Activity:
When writing out the entries below, keep only the lines from the line with "Measures 6 1/4" to the line with "Tropical Leopard Printed", both included, exactly as they are, and leave the pictures aside.

[Stored data entries]

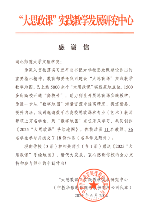 近日,“大思政课”实践教学发展研究中心与中教华影电影院线股份有限公司联合向开云app最新版下载发来感谢信,对学校积极参与《2025“大思政课”手绘地图》创作工作、助力“大思政课” 实践教学发展给予高度认可与诚挚感谢。
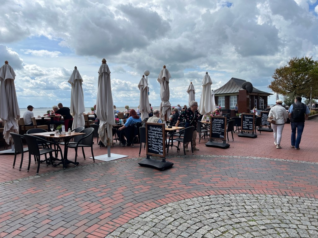 I am staying at the Nordsee Hotel on the beach just outside of Wilhelmshaven. It is a nice enough 2-3*, very clean like everything in Germany but without too much character. I wasn’t looking for character; I was more interested in price and convenience when I chose it. I have a beautiful view of the beach and the gardens and I can get to ‘downtown’ easily in 5 minutes on my motor bike.
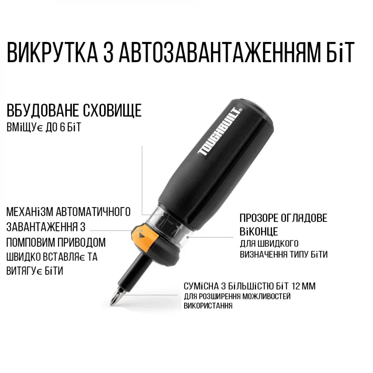 TOUGHBUILT® Отвёртка с автозагрузкой бит 6-в-1, PH/SL/SQ, магнитная (TB-H5-M-01)
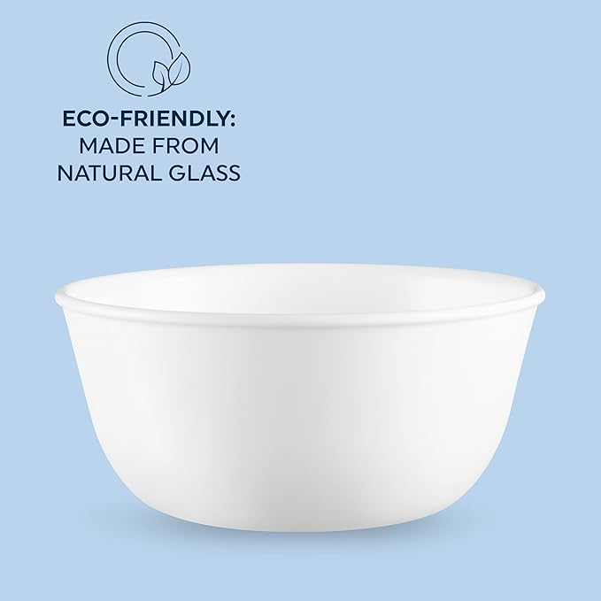 Corelle Vitrelle 28-oz Soup/Cereal Bowls Set of 6 Chip & Crack Resistant Dinnerware Bowls for Soup, Ramen, Cereal and More, Triple Layer Glass, Winter Frost White
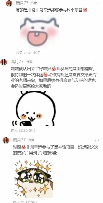 满月77在回应中写道,“嘿嘿被认出来了好高兴,我参与的是面部捕捉,很特别的一次体验。动作捕捉还是需要交给更专业的老师来做,如果后续有机会参与动捕的话也会适时更新给大家看的。”同时对游戏科学团队表达了感谢,称能参与“黑神话”项目感到“非常非常幸运”,并坦言没想到这次贺岁短片会直接使用自己的形象。
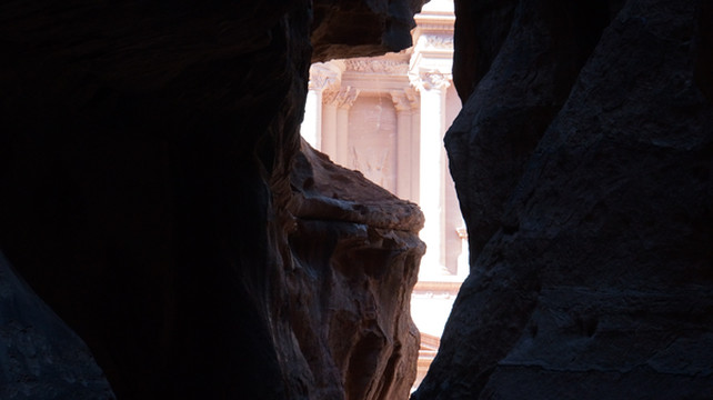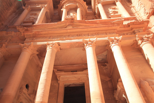 蛇道两边峭壁高耸,暗黑一片,回声荡荡,可是当你转过这令人毛骨悚然的山峡,则是另一番景观,世上最令人惊叹的建筑就呈现在眼前:高130英尺,宽100英尺,高耸的柱子,装点着比真人还大的塑像,整座建筑完全由坚固的岩石雕凿成形。,它最引人注目的特征是其色彩,由于整座建筑雕凿在沙石壁里,阳光照耀下粉色、红色、桔色以及深红色,层次生动分明,这就是大名鼎鼎的卡兹尼神殿
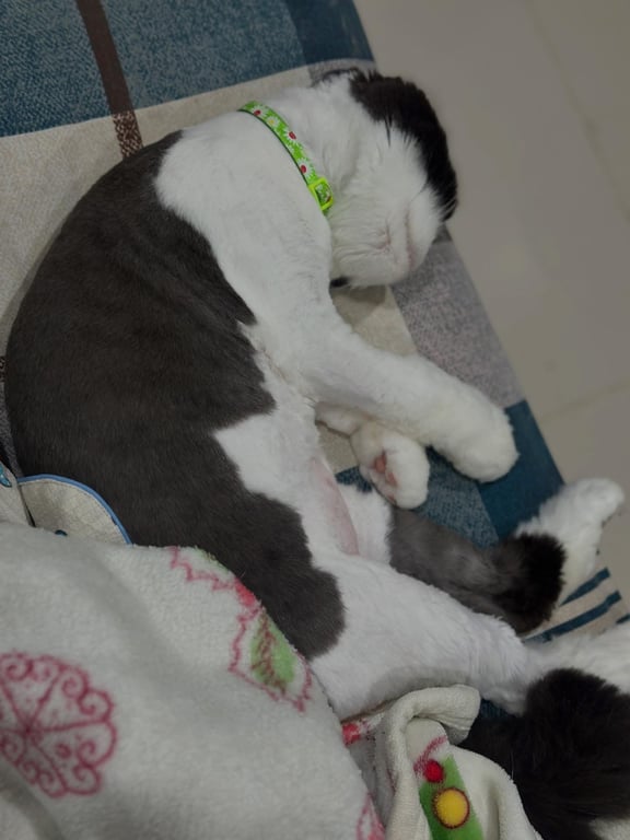 รอยตำหนิ: ตรงหัวสีขนฝั่งนึงดำฝั่งนึงขาวอายุ 7ปี ช่วงที่หายน้องตัดขน ขนจะเกรียนๆหน่อย
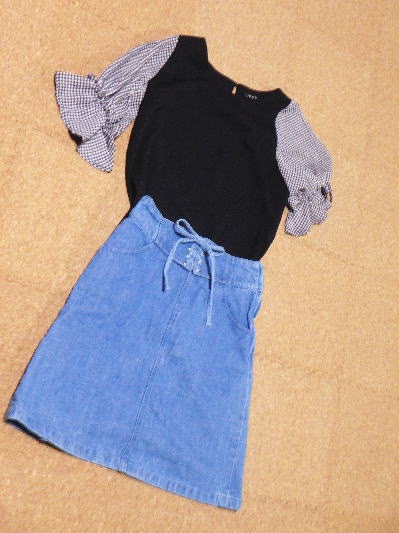 ■黒とチェックの袖リボントップス(¥499)/地元駅ナカ
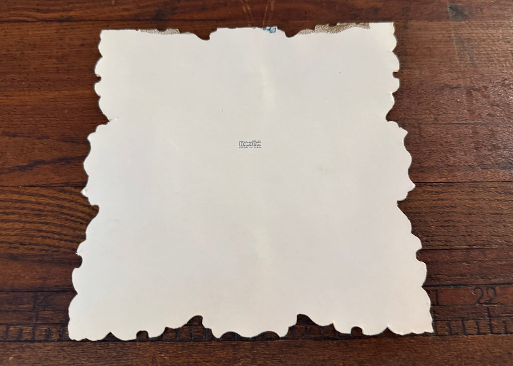 Measures 6 1/4 inches square. Marked "Whitney Made Worcester Mass" intertwined logo for the card company. Made in the U.S.A. Made of thicker paper, not stiff. Excellent condition.
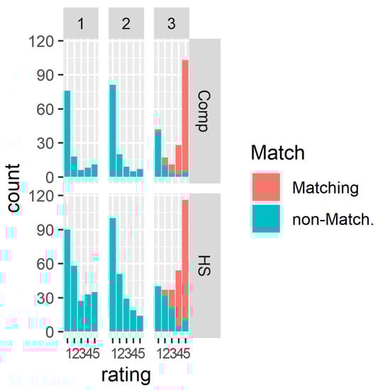 Figure 3 shows the acceptability ratings by person and agreement matching. In this figure, we can see that the lowest ratings correspond to agreement-mismatching items (in blue), and the highest ratings to agreement-matching (in red). Participants gave more 4–5 ratings to 1st person than to 2nd person and 3rd person, mismatching subjects.
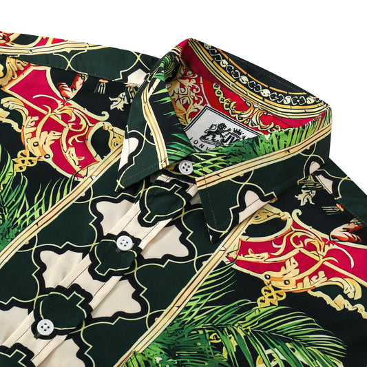 Tropical Leopard Printed Silk Fiber Short Sleeve Shirt
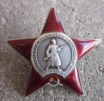 Original period manufacture. Massive silver star with a beautifully enameled obverse. No replaced enamel, normal age and wear. Alloy screw plate on the reverse. The serial number 2770958 places this award around 1946-47

Answer to this exercise:
 Measures 6 1/4 inches square. Marked "Whitney Made Worcester Mass" intertwined logo for the card company. Made in the U.S.A. Made of thicker paper, not stiff. Excellent condition.
 Figure 3 shows the acceptability ratings by person and agreement matching. In this figure, we can see that the lowest ratings correspond to agreement-mismatching items (in blue), and the highest ratings to agreement-matching (in red). Participants gave more 4–5 ratings to 1st person than to 2nd person and 3rd person, mismatching subjects.
 Tropical Leopard Printed Silk Fiber Short Sleeve Shirt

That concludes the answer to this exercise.